*PROBLEM TO SOLVE*.
Exactly the lines below from the line with "v záložce Ceny." through the line with "Тип Размер Количество" must make up the answer, both ends included and pictures left out.

*EXTRACTED RECORDS*.
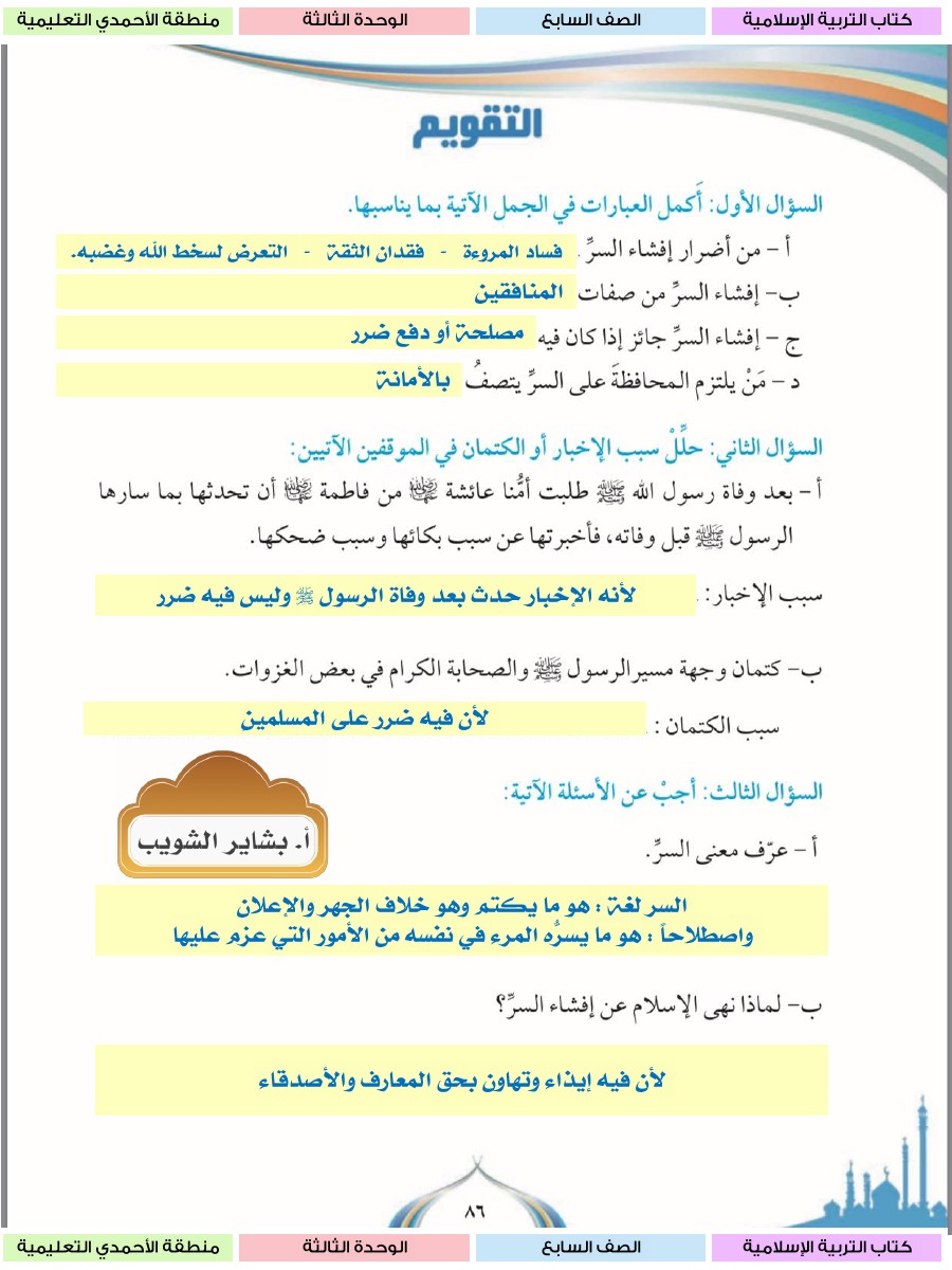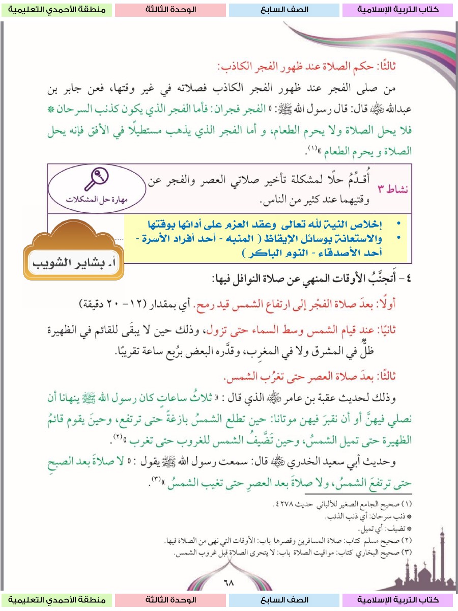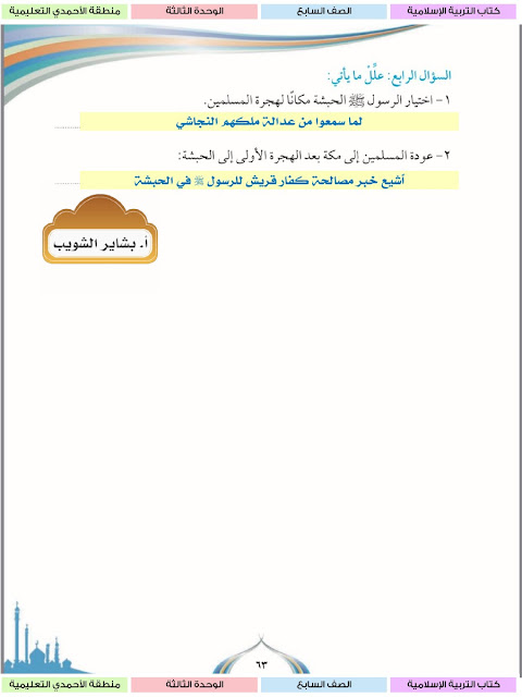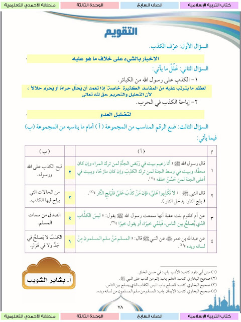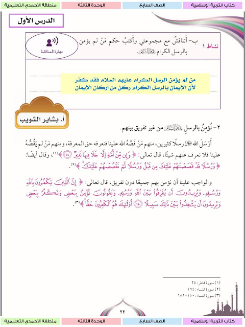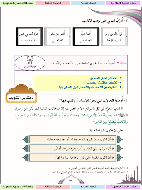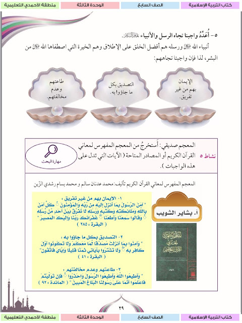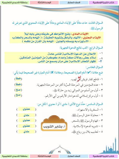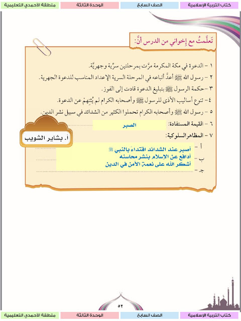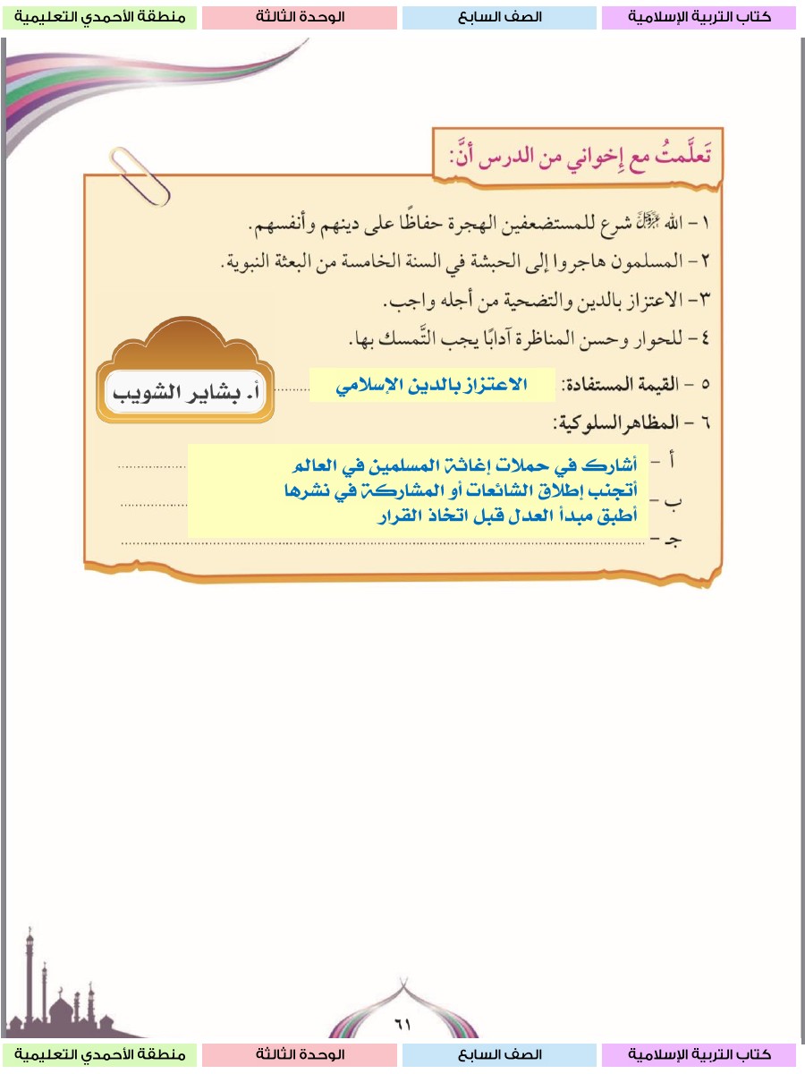 حل الوحدة الثالثة كاملة مع الاجابة للتربية الاسلامية
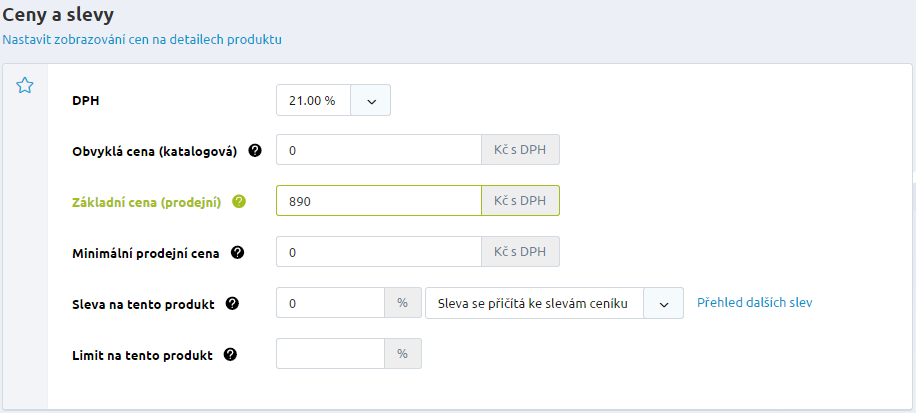 „Základní cena (prodejní)“, která se nachází na detailu produktu v záložce Ceny.
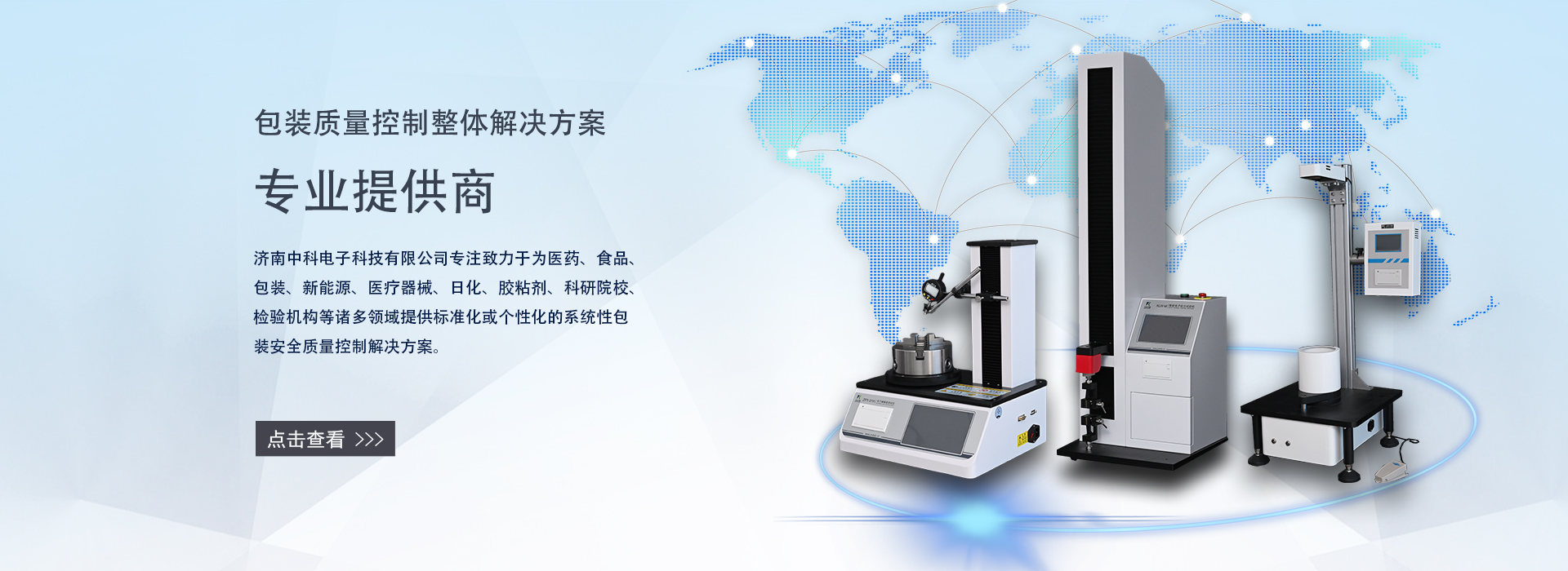 濟(jì)南中科電子科技有限公司是一家集包裝及膜材檢測儀器的研發(fā)、制造、銷售和服務(wù)為一體的專業(yè)科技公司。專注致力于為食品、醫(yī)藥、包裝、新能源、醫(yī)療器械、石化、日化、膠粘劑、科研院校、檢驗(yàn)機(jī)構(gòu)等諸多領(lǐng)域提供標(biāo)準(zhǔn)化或個性化的系統(tǒng)性包裝及膜材質(zhì)量控制解決方案。
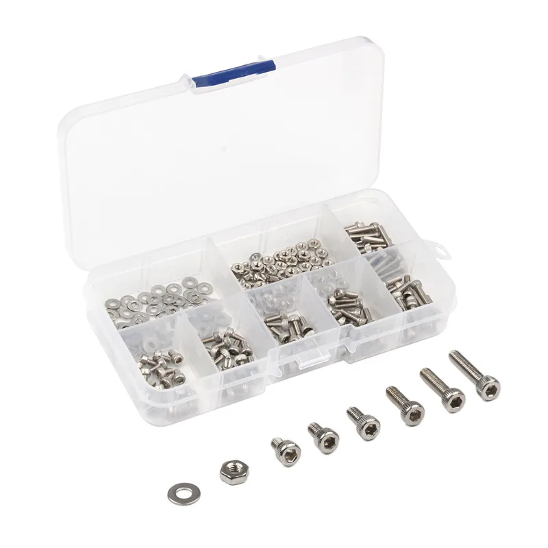 Тип Размер Количество Винты DIN912 M2.5 * 4 20 DIN912Винты M2.5 * 5 20 DIN912Винты M2.5 * 6 20 DIN912Винты M2.5 * 8 20 DIN912Винты M2.5 * 10 20 DIN912Винты M2.5 * 12 20 DIN934 шестигранные гайки M2.5 65 DIN125 Плоские шайбы M2.5 65
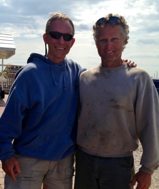 Later that afternoon we tracked down a good friend and crew member from Frank’s past fishing days. Although they don’t keep in touch on a very regular basis, when they saw each other, it was like two brothers greeting each other after years of separation . . . couldn’t help but bring a tear to your eye. (Frank didn’t take his sunglasses off for several minutes … ) Blair has continued in the fishing business over the years and has gradually expanded his operations with his children to include a crab shack and kayak rentals in Cape May Harbor . . . but we got a taste of their latest acquisition of the Two Mile Landing Marina and Restaurant as Blair and his wife hosted us for dinner at the newly renovated restaurant. If you’re looking for a great slip, a great meal and/or a great sunset, go to Two Mile Landing Marina and Crab House. We had a great dinner with the family! Now, it was a very windy day and a little too sporting for the dinghy to make it over to Two Mile Landing, so Blair picked us up at the Eleanor Q on his crab boat!! That’s the coolest water taxi you’ll ever get. I was having too much fun to remember to take a picture. We came back after sunset with lightning in the sky and no running lights . . . that’s how Blair and Frank roll. I have to tell you – after spending part of the day with Blair, I understand more about Frank . . . they are cut from the same cloth. Pretty enlightening. By the way, that’s the dinner where we saw another former fisherman who remembered Frank as the guy who sank the Marjorie Snow. Blair was on the Marjorie Snow with Frank that day. Don’t get scared . . . Captain Quigley ran it aground first and Blair swam (a very short distance – probably more like “waded”) to shore to get help. It didn’t sink until after the tide came back up . . . no one was ever in danger. But this did all take place (35ish years ago) in plain view of all the other fishing boats leaving the dock, and thus the reason why everyone knows about it. And young Captain Quigley DID manage to get the boat upright and cleaned out and operational again and DID NOT lose his job. And that’s the short version of the story of the Marjorie Snow. It had to be told. And Blair was there.
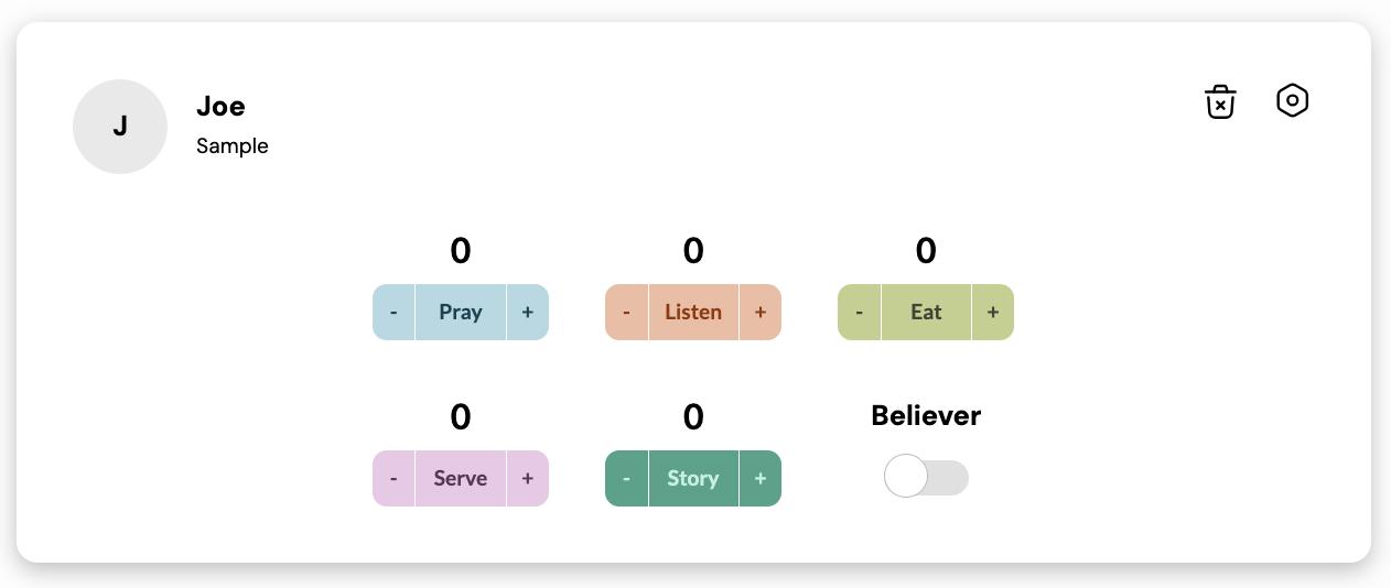 Select the '+' icon for the practice that describes the current status of your relationship with that neighbor. Each time you click on the color icon, it will add one to the total on the corner of that icon. This helps you keep track of how many times you have built your relationship with that neighbor.
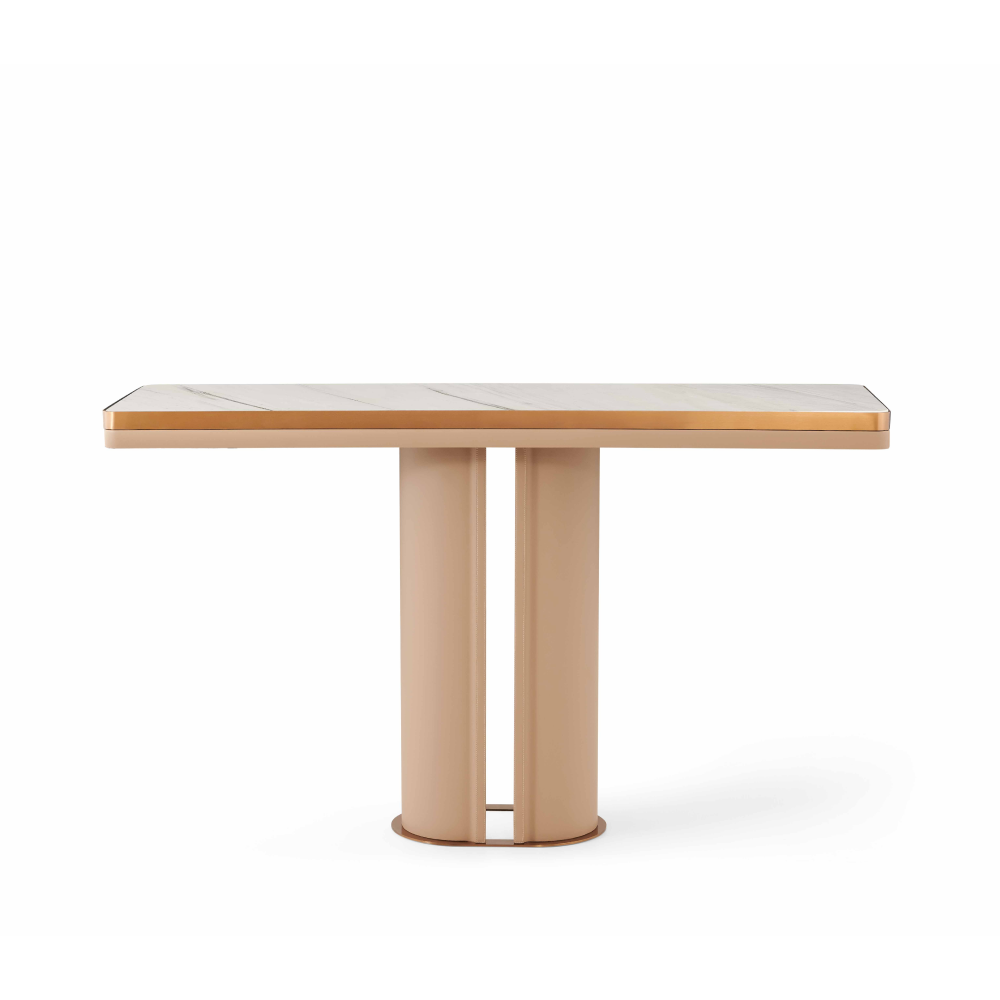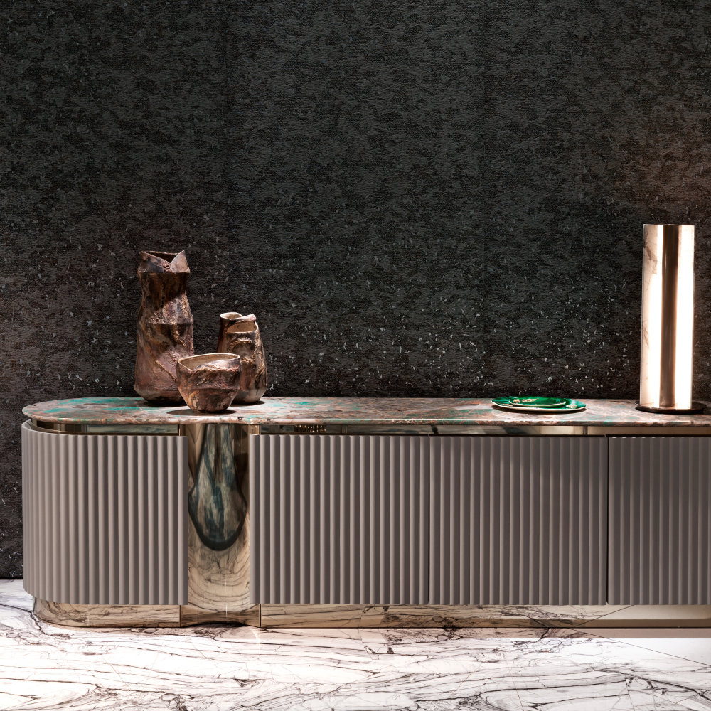 Изюминкой тумбы является обрамление из нержавеющей стали с матовым покрытием розового золота, которое добавляет нотки современности и утонченности. Эта комбинация материалов делает тумбу Cortan идеальным решением для тех, кто ценит качество и стиль.

*WRITTEN ANSWER*.
 „Základní cena (prodejní)“, která se nachází na detailu produktu v záložce Ceny.
 濟(jì)南中科電子科技有限公司是一家集包裝及膜材檢測儀器的研發(fā)、制造、銷售和服務(wù)為一體的專業(yè)科技公司。專注致力于為食品、醫(yī)藥、包裝、新能源、醫(yī)療器械、石化、日化、膠粘劑、科研院校、檢驗(yàn)機(jī)構(gòu)等諸多領(lǐng)域提供標(biāo)準(zhǔn)化或個性化的系統(tǒng)性包裝及膜材質(zhì)量控制解決方案。
 Тип Размер Количество Винты DIN912 M2.5 * 4 20 DIN912Винты M2.5 * 5 20 DIN912Винты M2.5 * 6 20 DIN912Винты M2.5 * 8 20 DIN912Винты M2.5 * 10 20 DIN912Винты M2.5 * 12 20 DIN934 шестигранные гайки M2.5 65 DIN125 Плоские шайбы M2.5 65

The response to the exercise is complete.